Play in a truck trailer highlights immigrant peril

NEW YORK (AP) — The air inside the theater gets heavy. It gets hot, too, and the seats are not comfortable at all. By the time the show is over, you walk out thankful for a breeze and solid ground. That's the point.

The off-Broadway company Working Theater is presenting an immersive experience that's as timely as it is powerful: Its play about immigrants sneaking across the border is being staged inside a 48-foot-long cargo container.

Audiences at "La Ruta" — only 30 can fit per show — sit in the parked trailer on cardboard boxes as actors tell the story of a harrowing crossing for three people hidden in the freight trailer.

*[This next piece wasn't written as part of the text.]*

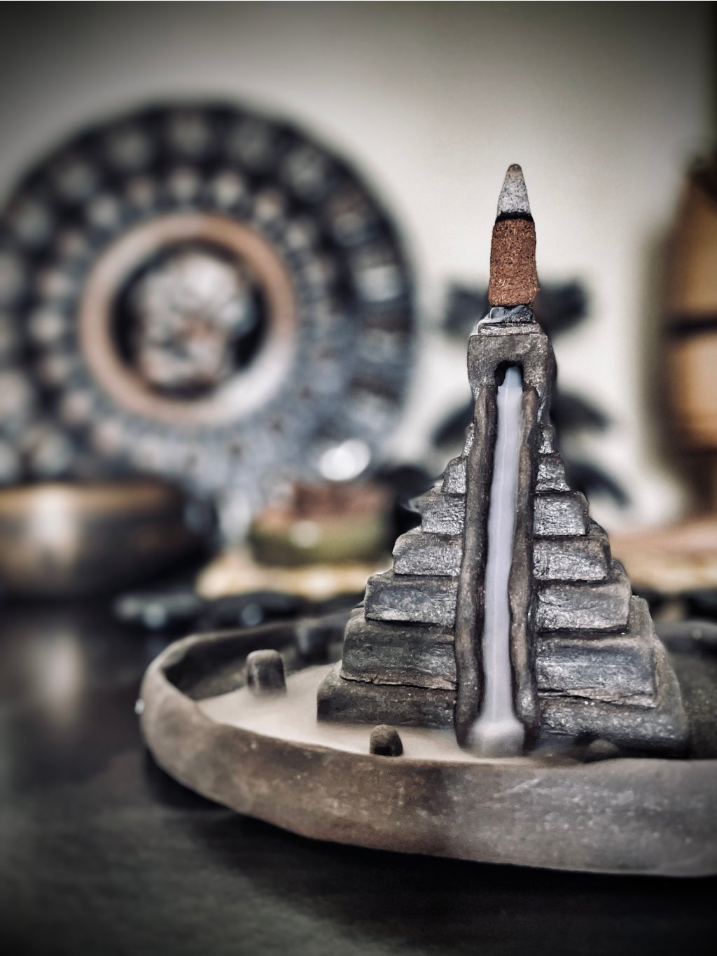 Stojan pro kužely na tekoucí dým napodobující mayskou pyramidu Tikal v Guatemale.

"At the end of the show, you are feeling slightly stifled — that is intentional," says Mark Plesent, Working Theater's producing artistic director. "It's part of the experience — to really make people understand the trial and tribulations of people crossing the border."

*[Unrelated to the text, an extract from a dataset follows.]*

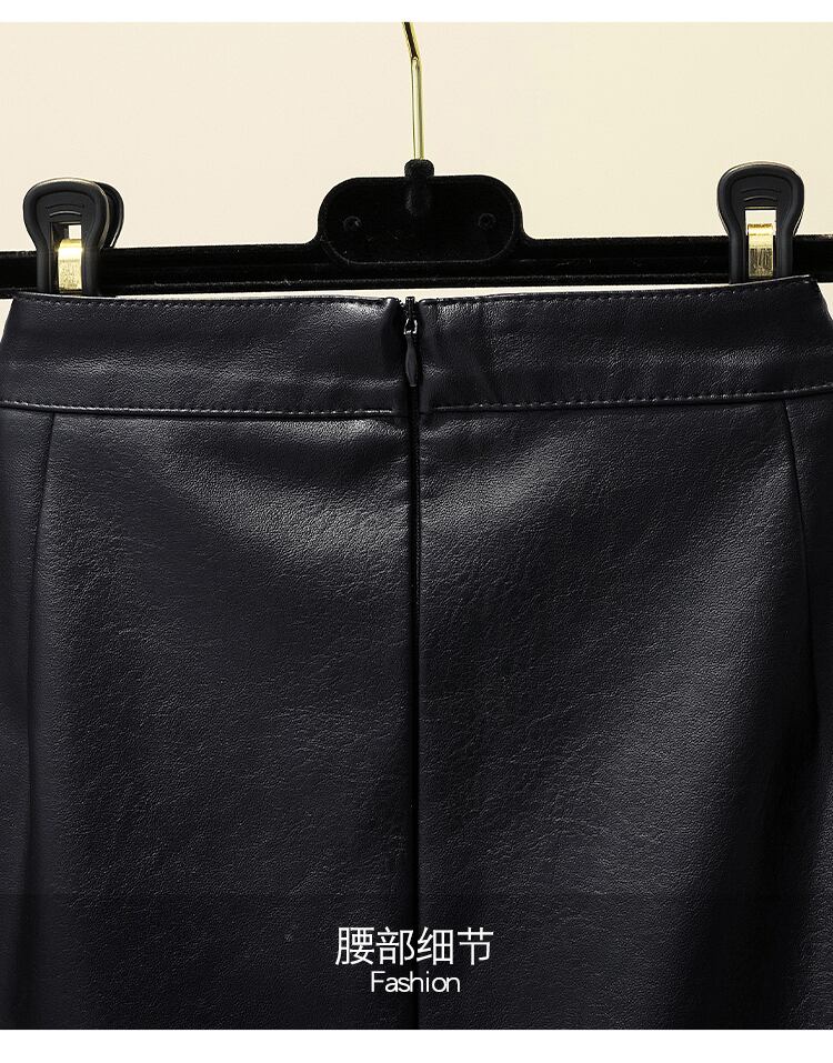 プラスサイズの婦人服 2023 ファットシスター春の新ウォッシュウォーターレザーハイウエストバッグヒップスカート pu レザー単語スカート女性 ハイウェスト 大きめサイズ スプリング 春物 8884153563100806

The idea of using a trailer was dreamed up by the playwright Ed Cardona Jr., who also works at the Columbia University School of Social Work. His other plays have explored the lives of people who live in America illegally.

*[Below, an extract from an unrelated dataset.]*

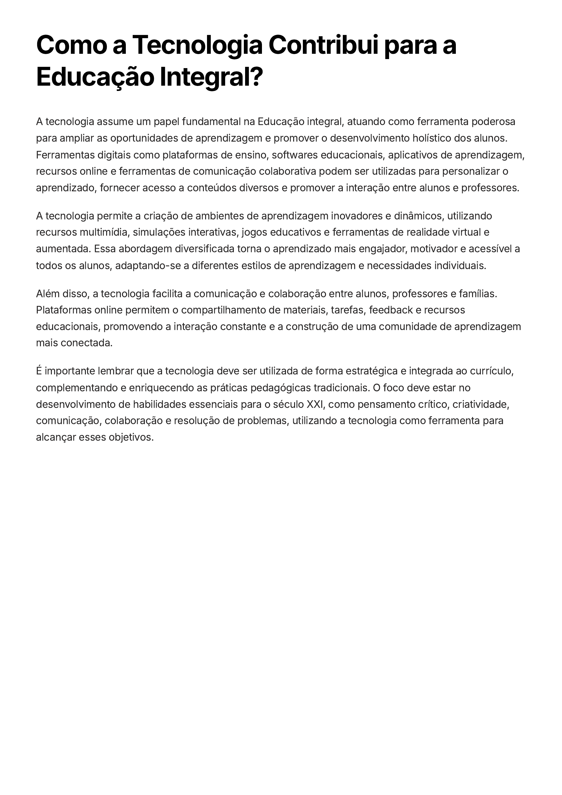 Como a Tecnologia Contribui para a Educação Integral? A tecnologia assume um papel fundamental na Educação integral, atuando como ferramenta poderosa para ampliar as oportunidades de aprendizagem e promover o desenvolvimento holístico dos alunos. Ferramentas digitais como plataformas de ensino, softwares educacionais, aplicativos de aprendizagem, recursos online e ferramentas de comunicação colaborativa podem ser utilizadas para personalizar o aprendizado, fornecer acesso a conteúdos diversos e promover a interação entre alunos e professores. A tecnologia permite a criação de ambientes de aprendizagem inovadores e dinâmicos, utilizando recursos multimídia, simulações interativas, jogos educativos e ferramentas de realidade virtual e aumentada. Essa abordagem diversificada torna o aprendizado mais engajador, motivador e acessível a todos os alunos, adaptando-se a diferentes estilos de aprendizagem e necessidades individuais. Além disso, a tecnologia facilita a comunicação e colaboração entre alunos, professores e famílias. Plataformas online permitem o compartilhamento de materiais, tarefas, feedback e recursos educacionais, promovendo a interação constante e a construção de uma comunidade de aprendizagem mais conectada. É importante lembrar que a tecnologia deve ser utilizada de forma estratégica e integrada ao currículo, complementando e enriquecendo as práticas pedagógicas tradicionais. O foco deve estar no desenvolvimento de habilidades essenciais para o século XXI, como pensamento crítico, criatividade, comunicação, colaboração e resolução de problemas, utilizando a tecnologia como ferramenta para alcançar esses objetivos. Como a Educação integral contribui para o desenvolvimento da criatividade? A Educação integral, ao promover um ambiente de aprendizagem rico e estimulante, é fundamental para o desenvolvimento da criatividade dos alunos. Ao oferecer oportunidades para que os alunos explorem seus talentos, pensem de forma crítica e criem soluções inovadoras, a Educação integral incentiva a imaginação e a capacidade de pensar fora da caixa. Experiências práticas e interdisciplinares: A Educação integral valoriza a experimentação e a interação entre diferentes áreas do conhecimento, proporcionando aos alunos a oportunidade de vivenciar ideias e conceitos de forma prática, estimulando a criatividade e a resolução de problemas. Projetos desafiadores e autônomos: Projetos desafiadores, que exigem que os alunos busquem soluções e trabalhem em equipe, desenvolvem a capacidade de pensar de forma original e encontrar soluções criativas para os desafios propostos. Incentivo à pesquisa e ao questionamento: A Educação integral incentiva a curiosidade e a busca por conhecimento, estimulando os alunos a questionar o mundo ao redor, a buscar novas informações e a desenvolver ideias próprias, o que contribui para o desenvolvimento da criatividade. Espaço para a expressão artística e cultural: A Educação integral reconhece a importância da arte e da cultura no desenvolvimento da criatividade, oferecendo aos alunos oportunidades de se expressar através da música, da dança, do teatro, da literatura e de outras formas de expressão artística. Em suma, a Educação integral proporciona um ambiente propício à criatividade, com atividades que estimulam o pensamento crítico, a resolução de problemas, a experimentação e a expressão artística, preparando os alunos para o futuro, onde a criatividade se torna cada vez mais importante para o sucesso profissional e pessoal. Estratégias de Envolvimento da Comunidade na Educação Integral Como promover encontros efetivos com a comunidade? Promover reuniões regulares com pais, responsáveis, membros da comunidade e instituições locais para discutir o desenvolvimento da escola e a implementação da Educação integral. Qual o papel da tecnologia na comunicação escolar? Criar plataformas online para facilitar a comunicação e o acesso à informação, como plataformas de aprendizagem, fóruns de discussão, e plataformas de gerenciamento de tarefas. Como estabelecer parcerias com a comunidade? Desenvolver projetos em conjunto com entidades da comunidade, como ONGs, empresas e universidades, que tragam benefícios para a escola e para a sociedade. Como engajar voluntários no ambiente escolar? Incentivar o voluntariado na escola, permitindo que membros da comunidade contribuam com seu tempo e habilidades em diferentes áreas, como apoio pedagógico, atividades extracurriculares e projetos sociais. A participação da comunidade é fundamental para o sucesso da Educação integral. A escola precisa ser um espaço aberto à comunidade, onde todos se sintam acolhidos e engajados no processo de aprendizagem. O envolvimento da comunidade enriquece o ambiente escolar, contribuindo para a construção de um currículo mais relevante e eficaz. Além das estratégias mencionadas, a escola pode implementar outras iniciativas, como: Oficinas e palestras com especialistas da comunidade Visitas guiadas às instalações da escola para membros da comunidade Eventos culturais e esportivos abertos à comunidade Criação de um conselho escolar com representantes da comunidade O objetivo é criar um ambiente de colaboração e diálogo entre a escola e a comunidade, promovendo a participação ativa de todos os envolvidos no processo educacional. Como a Educação integral promove a cidadania e a participação social? A Educação integral desempenha um papel fundamental na formação de cidadãos conscientes, críticos e engajados na sociedade. Ao promover o desenvolvimento holístico do aluno, abrangendo aspectos cognitivos, socioemocionais, físicos e culturais, ela equipa os estudantes com as ferramentas necessárias para exercerem seus direitos e responsabilidades como membros ativos da comunidade. A Educação integral incentiva a participação social por meio de diversas es

"I felt an obligation to write something about the journey or the sacrifices and the risks these folks take just to get here," he said. "The idea was to toss everybody into the trailer and to give the audience an immersive experience that they share together."

Now in its 28th season, Working Theater is dedicated to producing plays for and about the working men and women of the city. It is putting on "La Ruta" — Spanish for "the road" — in collaboration with the Magnum Foundation, which supports the photography of social justice issues.

The 75-minute show, which also includes projections, sound effects and the feeling of motion, runs until May 12 and will have made stops in four of New York's boroughs. The company hopes it might perform it one day in U.S. border states.

The play comes as the topic of immigration reform is heating up in the U.S. Senate, with new legislation being proposed that would dramatically remake how America treats the 11 million immigrants in the country illegally.

Working Theater commissioned "La Ruta" as part of a recent push to produce works that examine immigrants on the margins — people like domestic workers and those toiling in upstate poultry slaughterhouses.

"All of us, particularly in New York, rely on undocumented workers and we really never think about what it took for them to get here and what it meant for them to come here," says Plesent. "I feel like they are the invisible workers in our lives."

The theatrical work actually begins in a tent next to the trailer as patrons are told to sit and wait on pallets. The audience overhears the smugglers discuss the trip — it will involve other stops to pick up and drop off drugs — and then they are marched into the vehicle.

Three actors playing immigrants clamber into a small stage area in the back of the truck — a young woman fleeing Mexico, an older woman trying to get back to her family in Arkansas after being deported, and an ex-gang member from El Salvador. A low-level smuggler, jugs of water, a gun and a duffel bag full of drugs joins them.

"Next stop Dallas!" the audience is told and then the truck is locked.

The action switches from the front of the rig, where the driver and lead smuggler eat Twizzlers and debate the fate of their cargo, to the back, where the immigrants share their stories by flashlight. The story does not have a happy ending.

The cast includes Brian D. Coats, Zoe Sophia Garcia, Annie Henk, Sheila Tapia, Bobby Plasencia, Gerardo Rodriguez and Jacob Alden Roa. The director is Tamilla Woodard. Tickets are $25.

The vehicle — a real used cargo truck bought by Working Theater from an upstate warehouse — will be put in storage after it gets too hot this summer to perform the play. "I don't want to sell it. I feel like we've done a lot of work on it," says Plesent. "We made it into a theater."